> [What this task involves]: Each line of the material must be repeated precisely, with the pictures left out.

> [The data]:
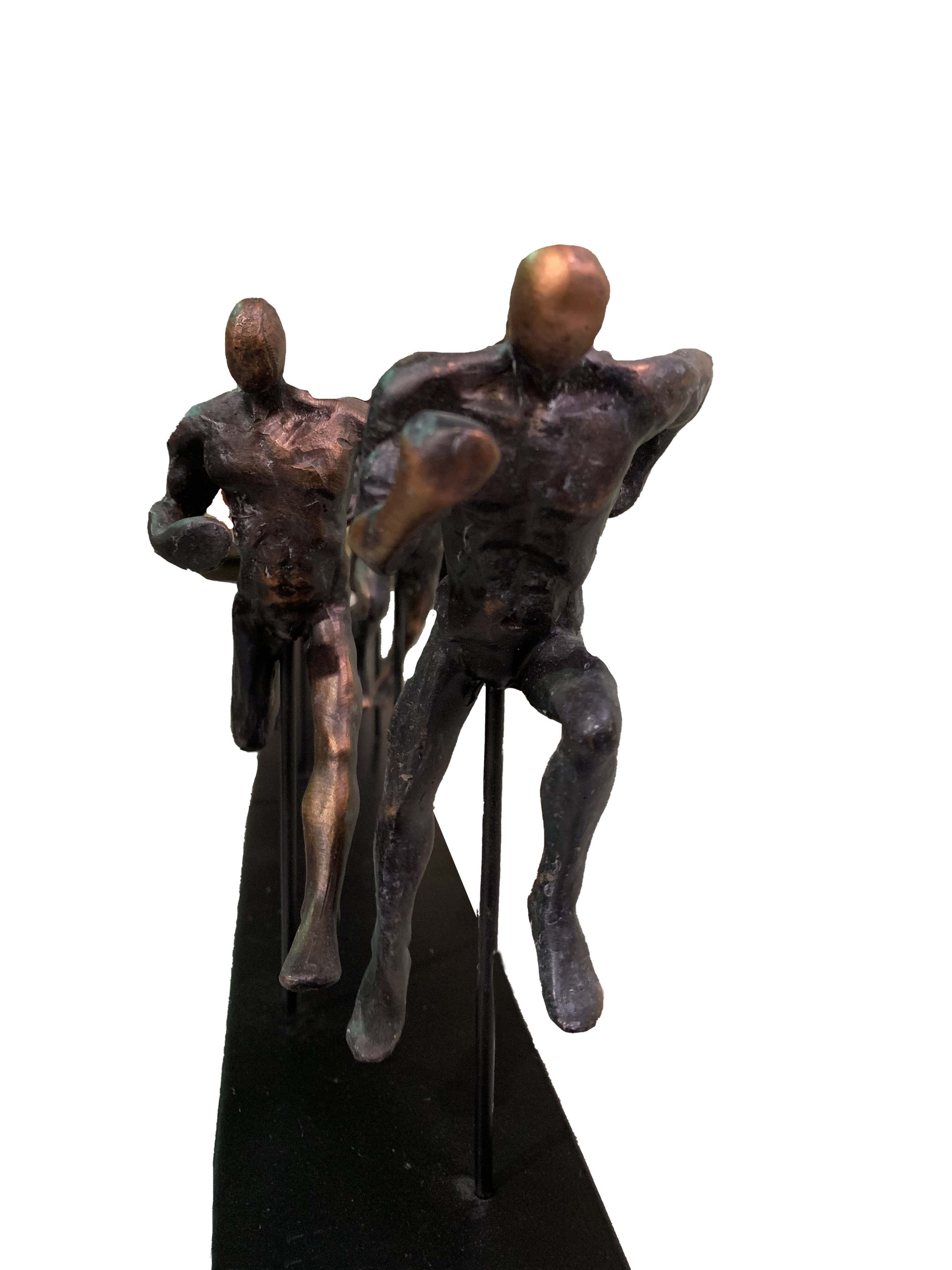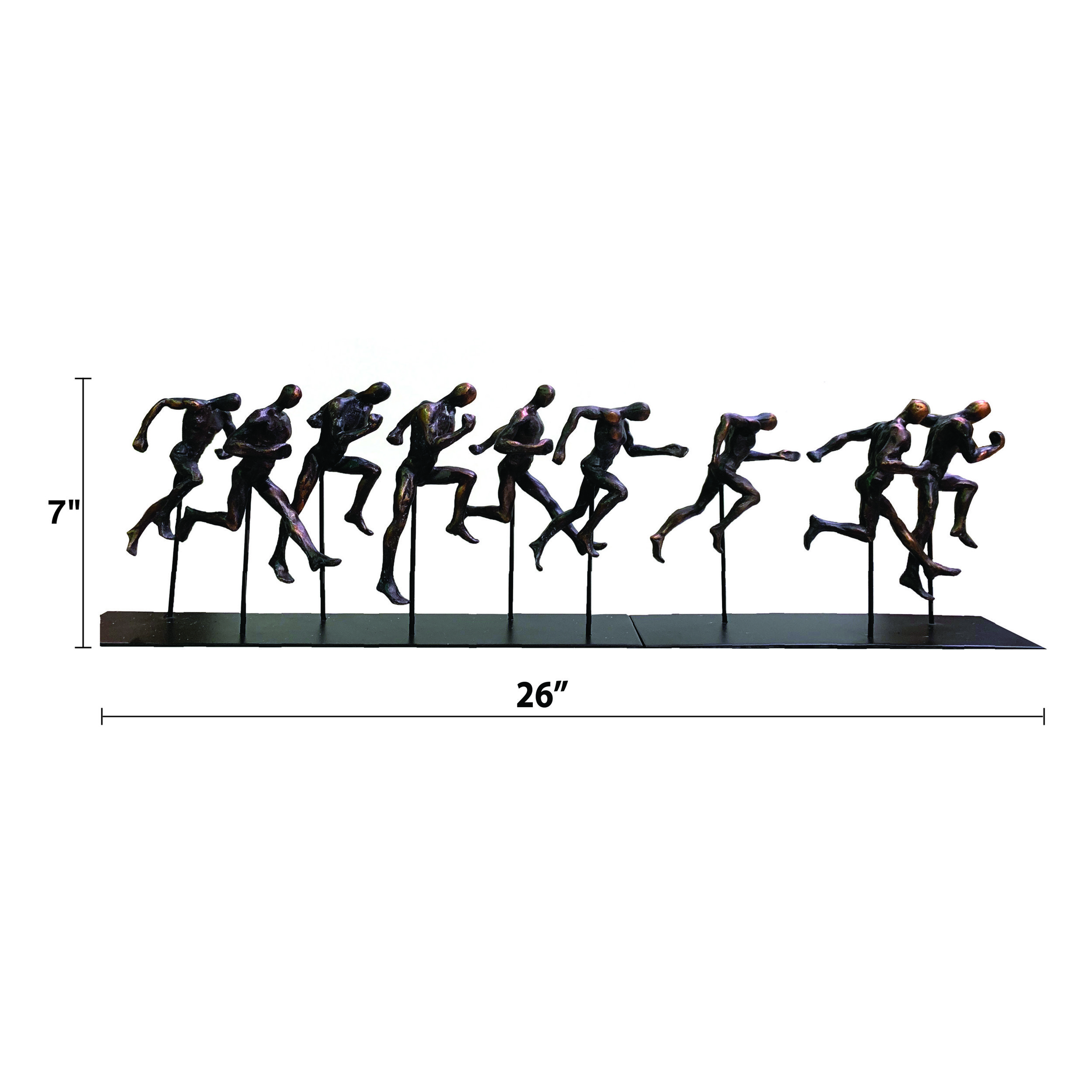 Our popular Running Men on Metal Stand Set of 2. This offering features 2 groups of sculpted men runners. Created in 2 sections to allow more options in its display. The set is current in styling and offers a view of action and movement in its design. A popular choice with our active on the go active customers. The individual runners are hand cast in durable Poly resin and mounted to an iron stand. Consider combining it with other sport theme decorative creations from AFD Home. No Assembly Required
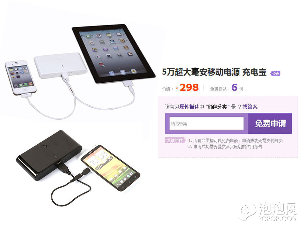 这个推荐,依旧是个移动电源,不过这个移动电源的容量,大的有点儿惊人——5万毫安时!原售价298元,现在可以免费申请试用。移动电源配有两个USB接口,分别可以输出1A和2A的电流,可以给iPad和手机同时充电。不过,容量如此直达的移动电源是否安全,这倒是个未知数。感兴趣的朋友可以去看看,免费申请试用一个。如果要是自己买的话,其实也不贵,仅需要人民币79元,而且
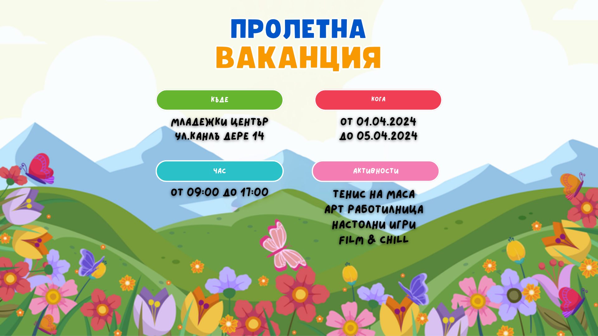 Пролетната ваканция ще стартира на 1 април с турнир по тенис на маса. На 2 април младежката зона ще бъде превърната в арт работилница, в която ще се изработват аксесоари от плат и подръчни материали, под ръководството на дизайнерката Стефка Проданова, и които ще бъдат предлагани за продажба на благотворителния щанд на фондация „Искам бебе“ в рамките на фестивала „Семе българско“. За 3 април е предвиден филмов ден с приятели – „Film &Chill“, а за следващия ден – 4 април, „Ваканция с настолни игри“. Ваканционната програма ще завърши на 5 април отново с арт работилница, но този път за изработване на аксесоари от прежда и подръчни материали, също предназначени за благотворителния щанд на фондация „Искам бебе“.
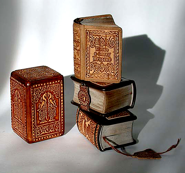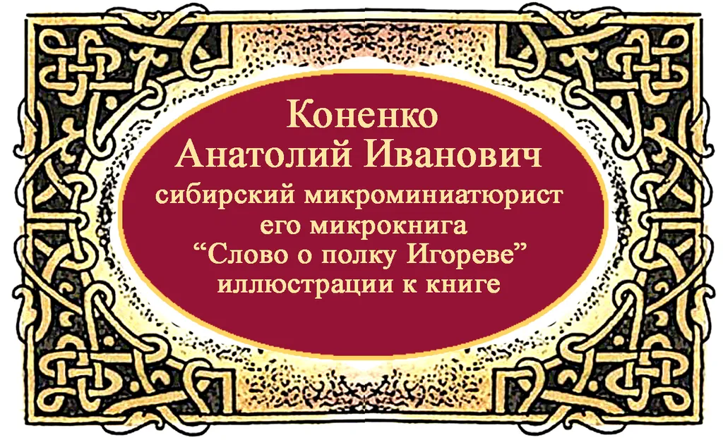 Подбирая иллюстративный материал к публикации «Мотивы кельтских, скандинавских, славянских узоров и орнаментальной вязи и различных их интерпретаций,» случайно набрёл на иллюстрацию А. И. Коненко к его микрокниге «Слово о полку Игореве». Иллюстрация скачиваться не хотела, зашёл на сайт и вот тут то очень подробно познакомился с творчеством Анатолия Ивановича. творчество его очень многогранно и скорее всего потому что он худграфовец. Худграфовцы отличаются от выпускников специализированных художественных вузов своим отношением к различным материалам и технике работы с ними. Анатолий Иванович молодец, что выбрал микроминитюаризацию основным направлением всего своего творчества и это у него великолепно получилось.

> [Expected output]:
 Our popular Running Men on Metal Stand Set of 2. This offering features 2 groups of sculpted men runners. Created in 2 sections to allow more options in its display. The set is current in styling and offers a view of action and movement in its design. A popular choice with our active on the go active customers. The individual runners are hand cast in durable Poly resin and mounted to an iron stand. Consider combining it with other sport theme decorative creations from AFD Home. No Assembly Required
 这个推荐,依旧是个移动电源,不过这个移动电源的容量,大的有点儿惊人——5万毫安时!原售价298元,现在可以免费申请试用。移动电源配有两个USB接口,分别可以输出1A和2A的电流,可以给iPad和手机同时充电。不过,容量如此直达的移动电源是否安全,这倒是个未知数。感兴趣的朋友可以去看看,免费申请试用一个。如果要是自己买的话,其实也不贵,仅需要人民币79元,而且
 Пролетната ваканция ще стартира на 1 април с турнир по тенис на маса. На 2 април младежката зона ще бъде превърната в арт работилница, в която ще се изработват аксесоари от плат и подръчни материали, под ръководството на дизайнерката Стефка Проданова, и които ще бъдат предлагани за продажба на благотворителния щанд на фондация „Искам бебе“ в рамките на фестивала „Семе българско“. За 3 април е предвиден филмов ден с приятели – „Film &Chill“, а за следващия ден – 4 април, „Ваканция с настолни игри“. Ваканционната програма ще завърши на 5 април отново с арт работилница, но този път за изработване на аксесоари от прежда и подръчни материали, също предназначени за благотворителния щанд на фондация „Искам бебе“.
 Подбирая иллюстративный материал к публикации «Мотивы кельтских, скандинавских, славянских узоров и орнаментальной вязи и различных их интерпретаций,» случайно набрёл на иллюстрацию А. И. Коненко к его микрокниге «Слово о полку Игореве». Иллюстрация скачиваться не хотела, зашёл на сайт и вот тут то очень подробно познакомился с творчеством Анатолия Ивановича. творчество его очень многогранно и скорее всего потому что он худграфовец. Худграфовцы отличаются от выпускников специализированных художественных вузов своим отношением к различным материалам и технике работы с ними. Анатолий Иванович молодец, что выбрал микроминитюаризацию основным направлением всего своего творчества и это у него великолепно получилось.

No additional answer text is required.